DistilBERT base multilingual model (cased)

Description

This model is a distilled version of the BERT base multilingual model. The code for the distillation process can be found here. This model is cased: it does make a difference between english and English. The model is trained on the concatenation of Wikipedia in 104 different languages listed here.

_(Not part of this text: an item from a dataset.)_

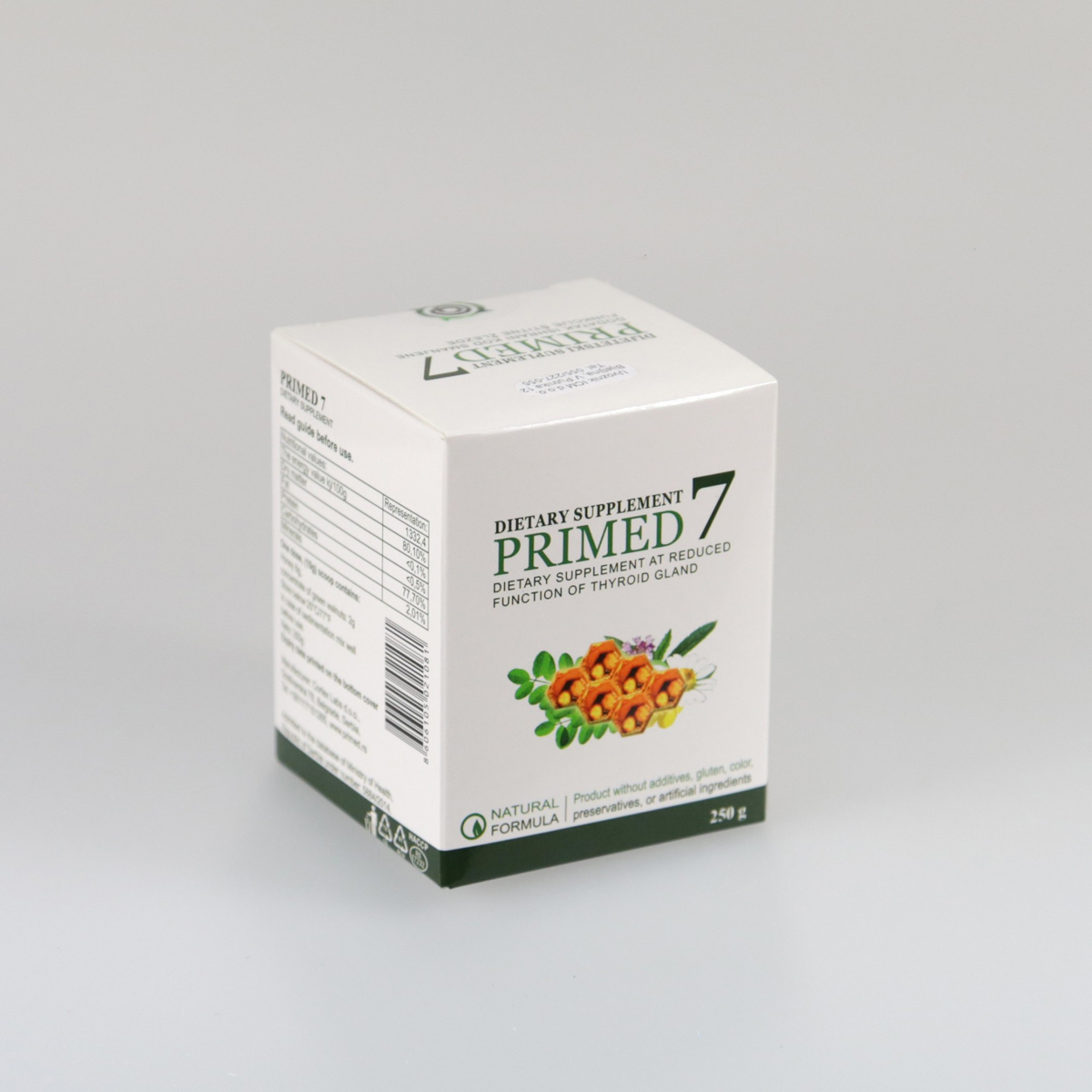 PRIMED 7 je prirodan preparat, napravljen po provjerenoj recepturi, na bazi meda i ekstrakta zelenih oraha. Ne sadrži vještačke boje, konzervanse i druge aditive.

The model has 6 layers, 768 dimension,s and 12 heads, totalizing 134M parameters (compared to 177M parameters for mBERT-base). On average DistilmBERT is twice as fast as mBERT-base.

Download

How to use

embeddings = DistilBertEmbeddings.pretrained("distilbert_base_multilingual_cased", "xx") \
      .setInputCols("sentence", "token") \
      .setOutputCol("embeddings")
nlp_pipeline = Pipeline(stages=[document_assembler, sentence_detector, tokenizer, embeddings])
val embeddings = DistilBertEmbeddings.pretrained("distilbert_base_multilingual_cased", "xx")
      .setInputCols("sentence", "token")
      .setOutputCol("embeddings")
val pipeline = new Pipeline().setStages(Array(document_assembler, sentence_detector, tokenizer, embeddings))

Model Information

Model Name: distilbert_base_multilingual_cased
Compatibility: Spark NLP 3.1.0+
License: Open Source
Edition: Official
Input Labels: [token, sentence]
Output Labels: [embeddings]
Language: xx
Case sensitive: true

Data Source

https://huggingface.co/distilbert-base-multilingual-cased

Benchmarking

| Model                        | English | Spanish | Chinese | German | Arabic  | Urdu |
| :---:                        | :---:   | :---:   | :---:   | :---:  | :---:   | :---:|
| mBERT base cased (computed)  | 82.1    | 74.6    | 69.1    | 72.3   | 66.4    | 58.5 |
| mBERT base uncased (reported)| 81.4    | 74.3    | 63.8    | 70.5   | 62.1    | 58.3 |
| DistilmBERT                  | 78.2    | 69.1    | 64.0    | 66.3   | 59.1    | 54.7 |